New Year’s Day is coming up! There are a lot of goals we can set for ourselves with diabetes, but if we try to focus on too many at once, it’s seriously overwhelming. If you’re having trouble deciding or thinking of where you’d like to start, I wanted to offer a few suggestions!
You don’t have to focus on them all, instead, pick one (or two, if you’re looking for a challenge!). Write it down. Post it to your mirror. Set yourself a reminder every morning on your cell phone, whatever works for you! Remember, continually working towards something is the road to succeeding. You can’t expect to get it perfectly all the time, but the best you can do is to TRY and work hard and don’t give up!

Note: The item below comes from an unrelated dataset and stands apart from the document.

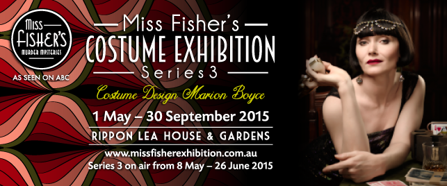 To coincide with the airing of Miss Fisher’s Murder Mysteries Series 3 on ABC on Friday 8 May 2015, the Honourable Miss Phryne Fisher, television’s most elegant lady detective, returns to Rippon Lea Estate at part of the National Trust’s Miss Fisher’s Murder Mysteries Costume Exhibition running from 1 May to 30 September 2015.

1. Check your blood sugar every morning when you wake up and every night before you go to bed. These are two of the important times to check and often, I think, the easiest to times to not bother. Knowing your morning blood sugar is so important because how you deal with that number can impact the rest of your day. If you wake up and your blood sugar is over 200, but you didn’t check it, that number is going to likely stay high or get higher throughout the day until you finally check. The same goes for bedtime. You’re about to turn yourself off for 6 to 8 hours, but your diabetes is still on! So you want to make sure you’re in range at night so you can sleep well, safely and feel good in the morning.
2. Exercise regularly. If you don’t have this in your schedule yet, there’s nothing to it but to do it! No room for excuses. Find the time. Make the time. And go! Maybe you’ll only put in 30 minutes every other day at first---that is GREAT. Don’t let weight-loss goals get in your way, if you feel like you’re not making progress, be patient! No matter what you weigh, exercise is crucial for a person with diabetes. You will increase your insulin sensitivity, gain better glucose control and have more energy. This is not a temporary goal; this is a life-long goal!
3. Write it all down! Okay, I should be doing this one-definitely. If you’ve haven’t been in the habit of writing down your blood sugars and you’re looking for better control, this is a great way to start. Why? Because you’re going to force yourself to become really aware of what’s going on. It’s easy to forget that we had a 300 high blood sugar every other afternoon when we don’t have to see it on paper. Write your numbers down, discuss it with your doc, and figure out what kinds of changes you can make for better control.
4. Healthy eating! Is having a bowl of ice cream every night after dinner a regular habit? There’s no way to change those habits then to simply go day-by-day and tell yourself, “Nope, not tonight!” Start by reducing your carbs and learning better how to count carbohydrates, watch portion control and focus on healthier foods. Would I expect you to eat perfectly all the time in order to make this a successful resolution? NO! But you’re going to make an effort as much as you can. Do your best and be patient. Bad habits are hard to break and new ones are hard to develop.